Python后端+原生前端打造PDF缩略图浏览器的全栈实战
一、项目背景与需求
日常工作中,本地磁盘往往会积累大量 PDF 文档(报告、论文、合同等)。文件管理器的列表视图无法直观预览内容,而专业 PDF 软件又过于笨重。于是有了这个项目的需求:
- 扫描指定文件夹(含子目录)下的所有 PDF
- 缩略图展示每份文档的第一页
- 搜索文件名、按日期筛选
- 收藏常用文档,多选打包下载
- 零依赖部署:双击即可运行
技术选型:
- 后端:Python 内置
http.server+ SQLite(零第三方依赖) - 前端:原生 HTML/CSS/JS + PDF.js CDN
- 启动:Windows Batch 脚本

二、后端架构设计(serve.py)
后端只用一个文件 serve.py,核心职责有三:
- 提供 REST API(PDF 列表、收藏、设置、打包下载)
- 静态文件服务(
index.html和 PDF 文件本身) - SQLite 缓存与增量同步
2.1 SQLite 缓存层
不使用 JSON 文件存储,而是直接上 SQLite,原因很实际:
- 查询快:
SELECT * FROM pdfs ORDER BY name比遍历 JSON 快得多 - 增量同步:通过
mtime判断文件是否变化,避免每次全量扫描 - 结构化:收藏、设置各一张表,关系清晰
# 表结构
CREATE TABLE pdfs (
id INTEGER PRIMARY KEY AUTOINCREMENT,
path TEXT UNIQUE NOT NULL, -- 相对路径,如 "report/2024.pdf"
name TEXT NOT NULL,
mtime REAL NOT NULL, -- 修改时间戳,用于增量判断
date TEXT NOT NULL, -- 格式化日期 "2024-01-15"
size INTEGER NOT NULL,
folder TEXT -- 所属子目录
);
CREATE TABLE favorites (
path TEXT UNIQUE NOT NULL
);
CREATE TABLE settings (
key TEXT PRIMARY KEY,
value TEXT NOT NULL
);增量同步算法(scan_and_sync):
def scan_and_sync(source_folder):
scanned = {} # 本次扫描结果
for root, dirs, files in os.walk(source_folder):
for file in files:
if file.lower().endswith('.pdf'):
rel_path = os.path.relpath(full_path, source_folder)
scanned[rel_path] = {
'path': rel_path,
'name': file,
'mtime': stat.st_mtime,
...
}
# 数据库已有数据
db_rows = {row['path']: row['mtime'] for row in cursor}
# 三向同步:删除不存在的、新增/修改变化的
for db_path in db_rows:
if db_path not in scanned:
conn.execute('DELETE FROM pdfs WHERE path=?', (db_path,))

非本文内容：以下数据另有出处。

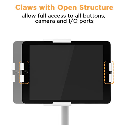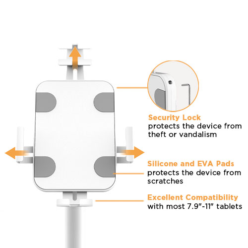 Featuring innovatively designed claws, PAD33-04 is compatible with most 7.9′-11′ tablets, including Apple iPad and Samsung Galaxy Tablet. Both horizontal and vertical view, as well as tilt function, are available in order to provide better customer using experience. Silicone and EVA pads provide all-rounded protection for the precious device. Lockable design with anti-theft screw prevents it from theft and unwanted removal. The internal cable management protects wires and creates a professional look for the tablet kiosk.

for path, info in scanned.items():
if path not in db_rows or db_rows[path] != info['mtime']:
conn.execute('INSERT OR REPLACE INTO pdfs ...', (...))
亮点在于用 mtime 做版本判断,只有文件新增、删除或修改时间变化时才写库,60 个 PDF 的扫描从秒级降到毫秒级。
2.2 REST API 设计
| 接口 | 方法 | 说明 |
|---|---|---|
/api/pdfs | GET | 从数据库读取所有 PDF 信息 |
/api/refresh | GET | 手动触发文件系统扫描并同步 |
/api/favorites | GET/POST/DELETE | 收藏列表 CRUD |
/api/settings | GET/POST | 读取/保存设置 |
/api/download | POST | 接收路径列表,打包 ZIP 返回 |
所有接口统一通过 _send_json 返回 JSON,并设置 CORS 头:
def _send_json(self, data, status=200):
self.send_response(status)
self.send_header('Content-type', 'application/json; charset=utf-8')
self.send_header('Access-Control-Allow-Origin', '*')
self.end_headers()
self.wfile.write(json.dumps(data, ensure_ascii=False).encode('utf-8'))
2.3 路径映射:一个容易被忽视的细节
重写 translate_path 是为了解决一个真实问题:前端文件(index.html)和 PDF 文件可能不在同一目录。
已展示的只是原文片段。